Thursday, April 4, 2013

The Kite Runner, Chapter 7, Pages 70-71

The Kite Runner, Passage Four (Chapter 7: pages 70-71)

For the next few minutes, I scoured the bazaar in vain. Maybe the old merchant’s eyes had betrayed him. Except he’d seen the blue kite. The thought of getting my hands on that kite... I poked my head behind every lane, every shop. No sign of Hassan.

I had begun to worry that darkness would fall before I found Hassan when I heard voices from up ahead. I’d reached a secluded, muddy road. It ran perpendicular to the end of the main thoroughfare bisecting the bazaar. I turned onto the rutted track and followed the voices. My boot squished in mud with every step and my breath puffed out in white clouds before me. The narrow path ran parallel on one side to a snow-filled ravine through which a stream may have tumbled in the spring. To my other side stood rows of snow-burdened cypress trees peppered among flat-toppedclay houses—no more than mud shacks in most cases—separated by narrow alleys.

I heard the voices again, louder this time, coming from one of the alleys. I crept close to the mouth of the alley. Held my breath. Peeked around the corner.

Hassan was standing at the blind end of the alley in a defiant stance: fists curled, legs slightly apart. Behind him, sitting on piles of scrap and rubble, was the blue kite. My key to Baba's heart

Blocking Hassan’s way out of the alley were three boys, the same three from that day on the hill, the day after Daoud Khan’s coup, when Hassan had saved us with his slingshot. Wali was standing on one side, Kamal on the other, and in the middle, Assef.
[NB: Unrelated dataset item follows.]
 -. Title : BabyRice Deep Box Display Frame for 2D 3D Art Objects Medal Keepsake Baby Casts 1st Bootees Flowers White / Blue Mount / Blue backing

I felt my body clench up, and something cold rippled up my spine. Assef seemed relaxed, confident. He was twirling his brass knuckles. The other two guys shifted nervously on their feet, looking from Assef to Hassan, like they’d cornered some kind of wild animal that only Assef could tame.

"Where is your slingshot Hazara?" Assef said, turning the brass knuckles in his hand. “What was it you said? They’ll have to call you One-EyedAssef.’ That’s right. One-Eyed Assef. That was clever. Really clever. Then again, it’s easy to be clever when you’re holding a loaded weapon.”

I realized I still hadn’t breathed out. I exhaled, slowly, quietly. I felt paralyzed. I watched them close in on the boy I’d grown up with, the boy whose harelipped face had been my first memory.